Однако вернемся к «нашему» Джорджу из шекспировской эпохи. Дорсетские Тербервили XVI века еще не потеряли дворянства, и молодой отпрыск славной фамилии, родившийся около 1540 года, имел все права на то, чтобы, подписывая письма, ставить после своего звонкого имени сокращение Gent., то есть «джентльмен». Кстати, этого сословного звания, полученного Джорджем так сказать по наследству, в течение двадцати лет безуспешно добивался от короля богатый перчаточник Джон Шекспир, и добился-таки (но уже от королевы) его успешный сын Вильям. Правда, для того, чтобы заполучить престижное джентльменство с гербом и шпагой и званием "мастера", Вилли пришлось стать признанным драматургом, которого впоследствии назовут гением мировой сцены. А ведь его корни по материнской линии тянутся аж от саксонских баронов Арденов, чей род будет подревнее тербервильского!
Итак, молодой Джордж Тербервиль получает высшее юридическое образование, отучившись в положенных колледжах, включая престижное заведение в Оксфорде. Он, как водится, проживает в стольном граде Лондоне и становится членом одного из судебных «иннов» - корпорации адвокатов, напоминавшей в то время нечто вроде профессионального клуба, который располагает отдельным зданием, проводит заседания, устраивает совместные трапезы и даже театральные представления. Известен курьезный случай, когда член инна, сам Фрэнсис Бэкон, организовал для коллег представление одной из ранних шекспировских пьес. То ли юристы были не в духе, то ли скверно играли актеры, но спектакль провалился, и будущий лорд-хранитель печати, а по совместительству великий мыслитель, едва унес ноги от разъяренных «барристеров» и «солиситоров».
Видимо, лондонская жизнь оказалась юному юристу не по карману, поскольку до нас дошли сведения о непогашенных долгах честолюбивого адвоката. С другой стороны, нам известно также, что Джордж приобрел в среде собратьев по ремеслу репутацию «мастера пера» и «делового человека» - a man of affairs на языке того времени (любопытно, что в России середины 19 века слово "аферист" означало "деловой человек" без какой-либо отрицательной коннотации). Таким образом, можно предположить, что литература (сочинение стихов) отодвинула профессию нашего правоведа на второй план, а его предприимчивость граничила с авантюризмом. Кроме того, есть основания полагать, что молодой дворянин любил азартные игры, в которых ему не слишком везло.

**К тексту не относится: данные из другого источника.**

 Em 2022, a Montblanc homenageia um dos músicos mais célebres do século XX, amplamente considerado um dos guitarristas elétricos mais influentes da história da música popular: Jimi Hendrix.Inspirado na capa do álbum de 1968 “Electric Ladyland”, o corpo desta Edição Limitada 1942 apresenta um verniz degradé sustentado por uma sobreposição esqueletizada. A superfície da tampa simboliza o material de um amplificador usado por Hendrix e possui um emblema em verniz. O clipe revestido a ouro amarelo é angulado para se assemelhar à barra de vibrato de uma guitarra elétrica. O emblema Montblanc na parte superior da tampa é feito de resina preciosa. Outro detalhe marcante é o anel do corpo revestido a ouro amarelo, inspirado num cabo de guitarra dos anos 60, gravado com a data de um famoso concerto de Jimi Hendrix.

Поэтому я не вижу ничего удивительного в том, что в 1567 году Тербервиль с радостью принимает предложение королевского чиновника, эсквайра Томаса Рэндольфа, стать его секретарем и отправиться с дипломатической миссией в Московию. Еще бы, загранкомандировка позволит заработать круглую сумму фунтов стерлингов, которая умилостивит кредиторов, и познакомиться с экзотической страной, о которой в Европе мало что известно!

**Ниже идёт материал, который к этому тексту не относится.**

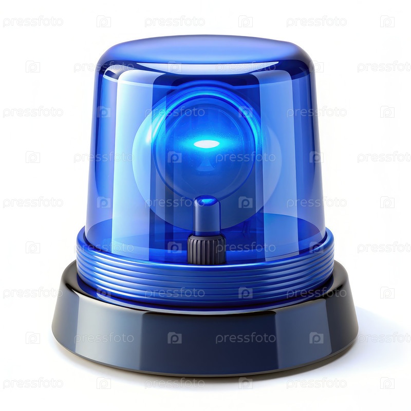 Синий мигающий сиренный свет изолирован на белом фоне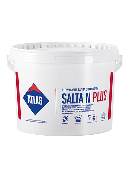 La peinture ATLAS SALTA N PLUS est le produit de la classe PREMIUM de la plus haute qualité à base de résine de silicone, de siloxanes, d'hydrophobines siloxane réactives, de substances hydrophobes naturelles, de dispersion de polymère, de pigments organiques et inorganiques, de modificateurs et d'additifs hydrophobes.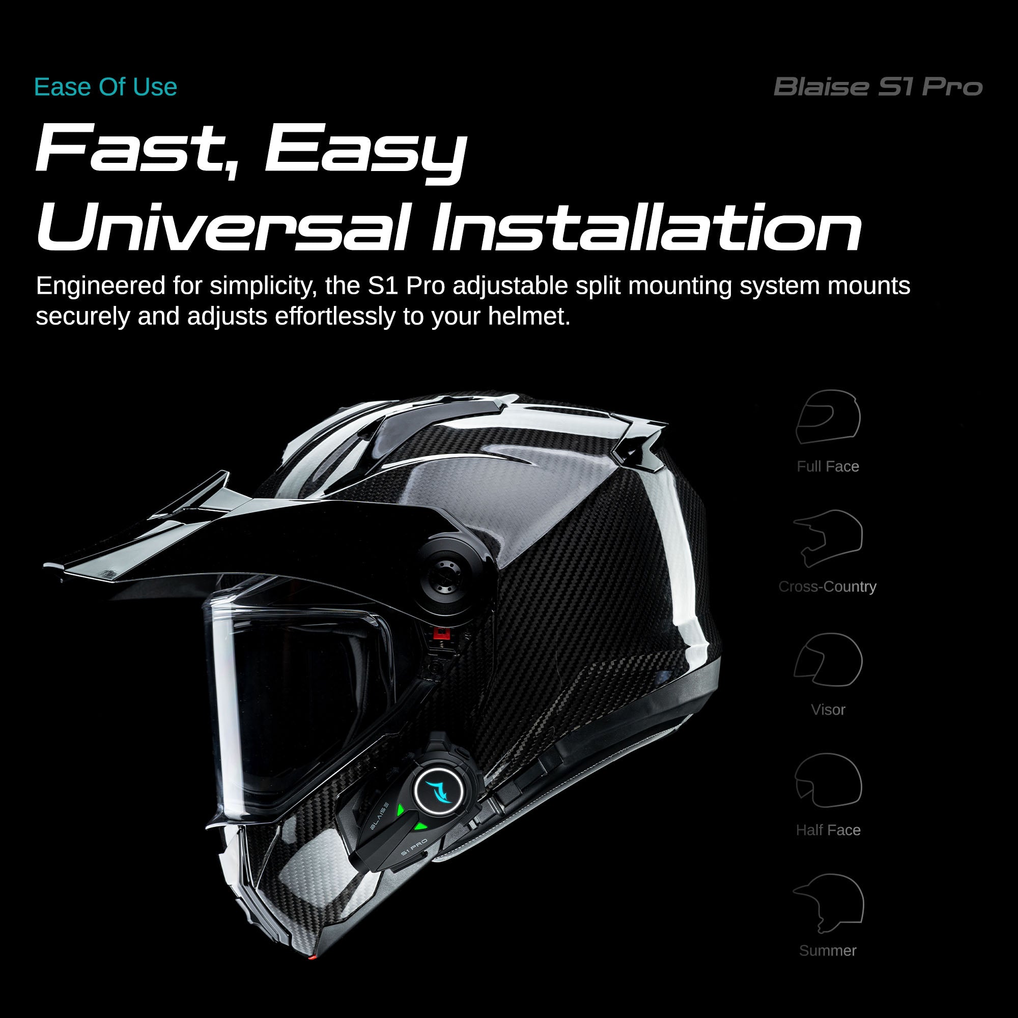 Engineered for simplicity, the S1 Pro split mounting system mounts securely and adjusts effortlessly to your helmet.

В июне следующего, 1568 года, английская миссия, состоящая, как написал ее глава Т. Рэндольф, «наполовину из джентльменов, жаждавших посмотреть мир», погрузилась на корабль и взяла курс на Архангельск. Цель миссии заключалась в том, чтобы добиться от Иоанна Васильевича продления торговых привилегий, милостиво предоставленных царем в 1554 году аглицким купцам-учредителям Московской компании. Великий государь в то время сватался к принцессе Элизабет Тюдор и посему решил осчастливить ее земляков-бизнесменов правом беспошлинной торговли в России, ну, и некоторыми другими подачками. Разумеется, для такой щедрости были и иные причины, например, враждебное окружение сопредельных держав, или другими словами, экономическая блокада страны.

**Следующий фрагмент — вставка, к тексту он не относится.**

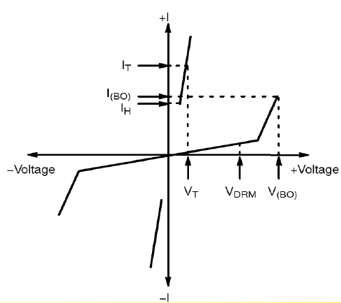 Point),如圖所示。如果受保護的電氣節(jié)點可以提供電壓和電流在保持點的水平,在電氣應(yīng)力消除后一個消弧保護器件也可能不會關(guān)閉。仔細(xì)選擇消弧保護器件是必須的,或者預(yù)先做好準(zhǔn)備,以保證在應(yīng)力消除時關(guān)閉保護和在正常操作期間不打開。

Однако спервоначалу английским дипломатам шибко не повезло: царь в эту пору принялся чудить. За три года до визита Т. Рэндольфа он завел опричнину, сиречь систему чрезвычайных мер, включая государственный террор. С севера Москве стали грозить шведы, с запада – Польша и Литва, с юга – Крымский хан, хозяйничавший на «Изюмском шляхе». Засуха, голод, чума терзали Московское царство. Изменил Курбский. Выступил с прилюдными обличениями царя митрополит Филипп и некоторые известные юродивые. Англичан держат под замком, не пускают в Москву, где в то время плетутся интриги и ведется невидимая для обывателей борьба против «первосвященника», закончившаяся его смертью, а точнее убиением «при невыясненных обстоятельствах». Родственникам Филиппа – боярам Колычевым – рубят головы.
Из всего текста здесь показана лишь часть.